For a firm running a RAG system over a regulatory corpus (a policy engine that maps uploaded documents to coverage across NIST 800-53, DORA Article 9, and PRA SS2/21), this is not a theoretical attack surface. It is the production attack surface, operating today.
The governance gap is not in the model. The model is the part of this stack that governance programmes have begun addressing. The gap is in the data: what went into the model before you got it, what is in the retrieval corpus at runtime, and what arrives in the prompt context window at inference time.
What open weights actually solve
The first piece in this series covered the economics of self-hosting. The second covered the model supply chain: hash verification, key custody, pin authority for model weights in a regulated environment. Both arguments rest on the same premise. Open weights are better than proprietary API access for regulated firms because you can inspect, verify, and attest to what you are running.

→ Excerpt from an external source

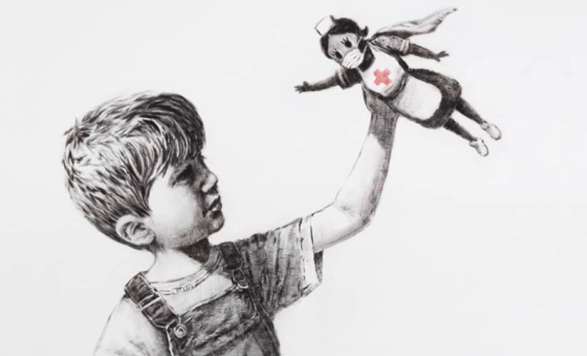 Un bimbo gioca con una bambola / infermiera con il grembiule della Croce Rossa, la mascherina sul volto ed un mantello e lascia nel cesto supereroi come Batman o l’Uomo Ragno… così Banksy omaggia le infermiere ai tempi del coronavirus!

That premise remains correct. It is narrower than current industry posture assumes.
Open weights solve exactly one supply chain problem: you can verify the weights you received. You can hash the model artefacts on arrival. You can confirm they have not been modified in transit or at rest. You can run inference locally without sending data to a third-party endpoint. These are genuine governance improvements.
Open weights do not solve training-data provenance. The accountability for what the model was trained on transfers to you by default.
The weights you received are a function of a training process you did not observe, over a corpus you cannot fully reconstruct, using post-training preference pairs whose provenance is partially documented in technical reports and partially inferred from model behaviour. The model that produces authoritative-sounding outputs about regulatory compliance was trained on internet text, code repositories, academic papers, and unknown proportions of crawled content whose regulatory accuracy, jurisdictional relevance, and temporal currency are unattested.
This is not a criticism of open-weight models. It is a description of training-data transparency across the field, proprietary and open alike. The difference is that proprietary API providers carry a vendor relationship creating a contractual accountability layer. When you self-host an open-weight model, you become the effective model operator. The accountability for what the model was trained on transfers to you by default.
The four layers of the data and prompt supply chain
A useful frame for regulated firms: the data and prompt supply chain has four layers, each with distinct provenance risks, distinct governance gaps, and distinct regulatory hooks.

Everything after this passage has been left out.